Now I know I am blessed because my child will grow up in a safe, health environment - or that he has every chance to grow up anyway, Gods be willing.

At the same time, I am painfully aware of this privilege, and feel honour bound to do something with my life that will benefit other women and children who are not as fortunate as my son and I.
post #10 of 11
I was still fairly young, fresh out of college, when I had Micah, and I think childbirth/motherhood gave me the confidence to enter the adult woman world emotionally. I used to call anyone over 25 "m'am" and defer to older women as if I were a little girl, but now I feel like a peer to every woman. So I'm more outspoken and bold.

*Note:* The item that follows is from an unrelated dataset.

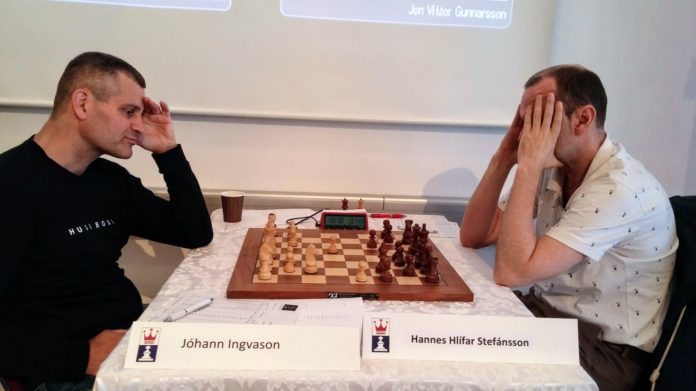Fimm skákmenn eru efstir og jafnir með fullt hús eftir aðra umferð Íslandsmótsins í skák sem fram fór fyrr í dag í Valsheimilinu. Enn er mikið um óvænt úrslit. Birkir Ísak Jóhannsson (1929) sýndi að sigurinn gegn Jóni Viktori Gunnarssyni (2472) í fyrstu umferð var engin tilviljun þegar hann gerði auðvelt jafntefli gegn Vigni Vatnari Stefánssyni (2284) með svörtu. Jóhann Ingvason (2164) átti þó úrslit dagsins er hann gerði jafntefli við tólffalda Íslandsmeistarann, Hannes Hlífar Stefánsson (2541), fyrrum skákkennara sinn. Haraldur Baldursson (1981) gerði jafntefli við bandaríska alþjóðlega meistarann Justin Sarkar (2297).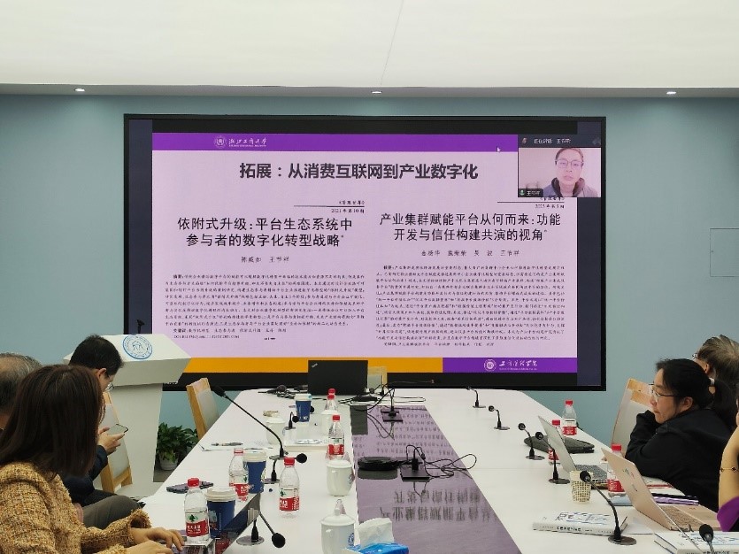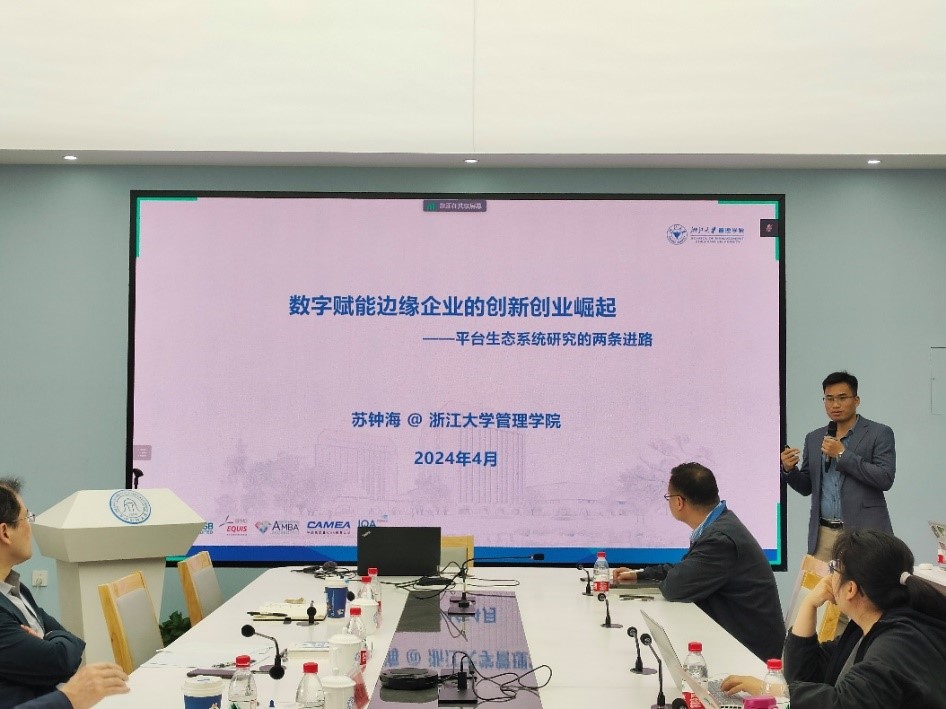浙江大学苏钟海博士以“数字赋能边缘企业的创新创业崛起——平台生态系统研究的两条进路”为题作汇报演讲。苏博士首先讲述了边缘企业如何构建平台生态系统。以微医推动中国互联网医疗制度变迁为例,剖析新兴场域平台型企业制度创业的过程机理,得出处在边缘位置的平台型企业因其平台独特性和优势能够发起制度创业,推动场域制度变迁并从中获益。其次,他以化纤邦构建化纤产业互联网平台为例,从数字商业模式创新的视角探究其构建产业互联网平台的过程机理。苏博士之后讲述了平台生态系统如何赋能边缘企业的创新创业崛起。以海尔生态系统赋能食联网为例,从赋能维度和赋能层次两个维度探讨平台生态系统对创业企业的资源赋能。其次,他分享了结合5个主流平台生态系统,采用组态分析策略开展的研究,指出平台生态系统的市场资源是其赋能互补企业创新驱动创业的必要条件。最后,苏博士对平台生态系统情境下数字赋能边缘企业创新创业崛起这一研究议题进行了展望。

Motherhood also got me on the ball spiriutally. I realized I wasn't going to be able to leave a spiritual legacy for my kids if I didn't take the time to cultivate my own spiritual garden, so to speak.

And it made me more involved politically. I weigh every issue in terms of how it's going to affect the culture my baby grows up in.
post #11 of 11
I have become much wiser, happier, more patient (that was a hard one), content. I am so grateful for the place I am now.